C strings - byte, ubyte or char? (Discussion from Bugzilla)

Thu Oct 4 09:17:59 PDT 2007

"Matti Niemenmaa" <see_signature at for.real.address> wrote in message 
news:fe2t70$2eka$1 at digitalmars.com...
<snip>
> Good idea. But note that I'm not talking only about C string-processing
> functions: in general, any functions which process strings without regard 
> to
> their encoding should use ubytes.
>
> Just about all of std.string are such, for instance.

Looks like I'll have to investigate....

> The Tango situation is
> better, since tango.text.Util is already templated for char/wchar/dchar: 
> ubyte
> would need to be added to the mix.
<snip>
> One problem with toStringz is efficiency. Its current implementation of 
> performs
> a string concatenation every time. If you know the string is zero 
> terminated and
> ASCII (or you just want it to be handled as encoding-agnostic), you should 
> just
> be able to pass it through.

I had no idea that the implementation had changed.
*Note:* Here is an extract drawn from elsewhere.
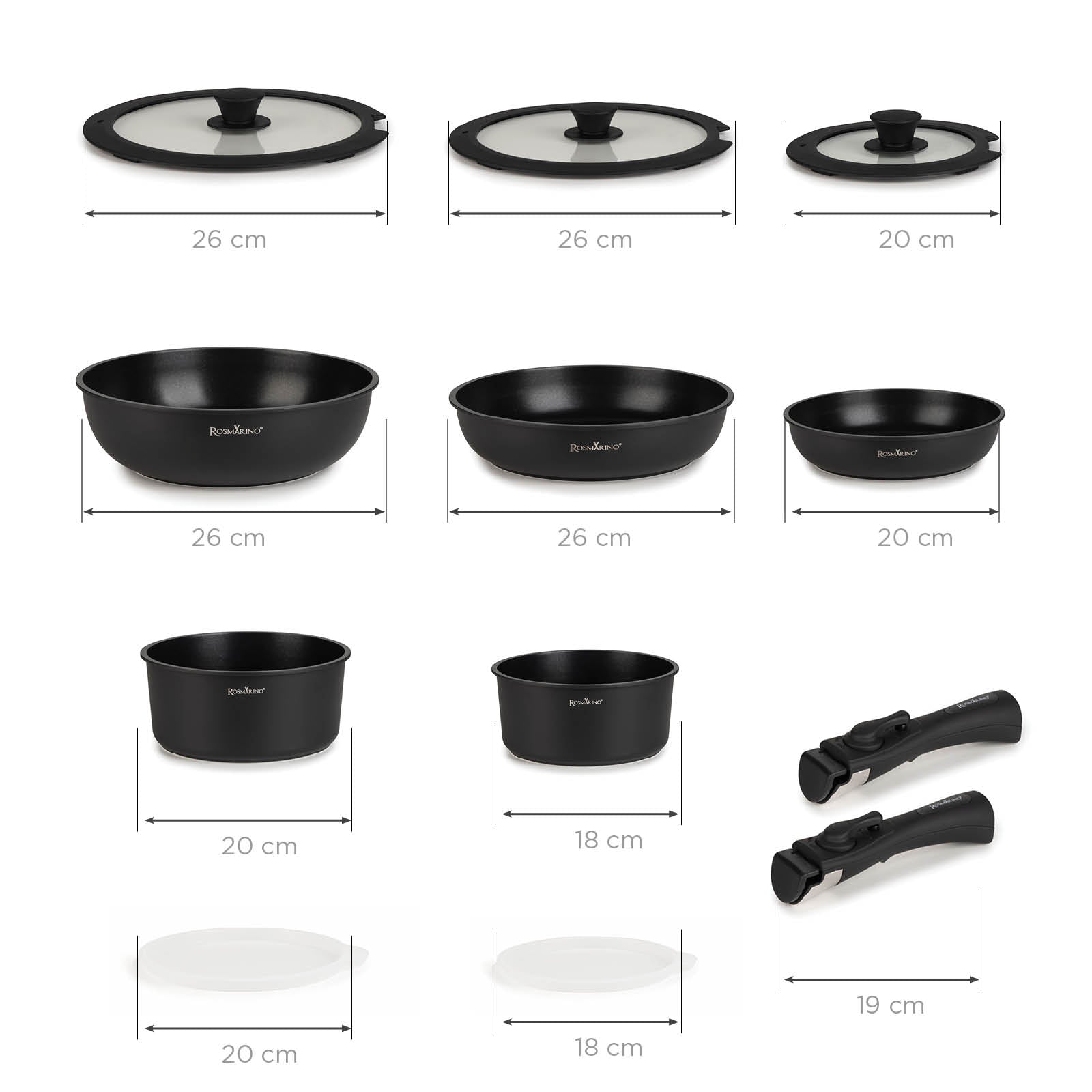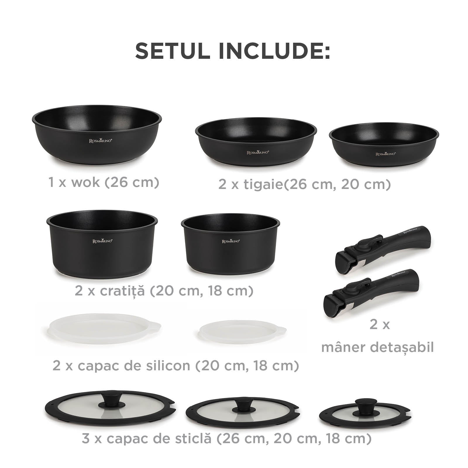 Setul include: 2 x tigaie (20 cm, 26 cm), 1 x wok (26 cm), 2 x cratiță (18 cm, 20 cm), 3 x capac din sticlă (18 cm, 20 cm, 26 cm), 2 x capac din silicon (18 cm, 20 cm), 2 x mâner detașabil.
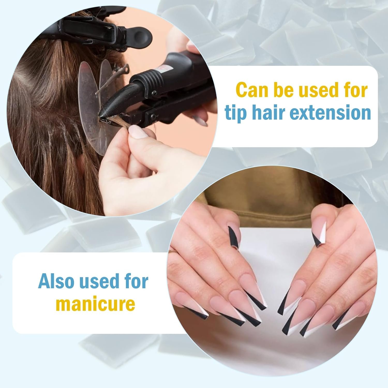 【MULTI-PURPOSE】Our keratin glue tips are very suitable to bond heat-sensitive materials. Due to it, these keratin glue granule pellet is not only for hair extensions and nail art, but also for decorating manuals,cartons, accessories, toys, shoes, wood products, ceramics.

> But on second thought, having the cast (or a call to toStringz) be 
> necessary
> might be better. If you want UTF-8 to be handled as encoding-agnostic, a
> necessary cast may be a good idea, as it implies you know what you're 
> doing.

Why should I care that a function is encoding-agnostic if I know what 
encoding my text is in?  That sounds to me like suggesting that I should 
have to cast class instances explicitly to Object to prove I know that the 
function can use objects of any class.

Stewart.

-- 
My e-mail address is valid but not my primary mailbox.  Please keep replies 
on the 'group where everybody may benefit.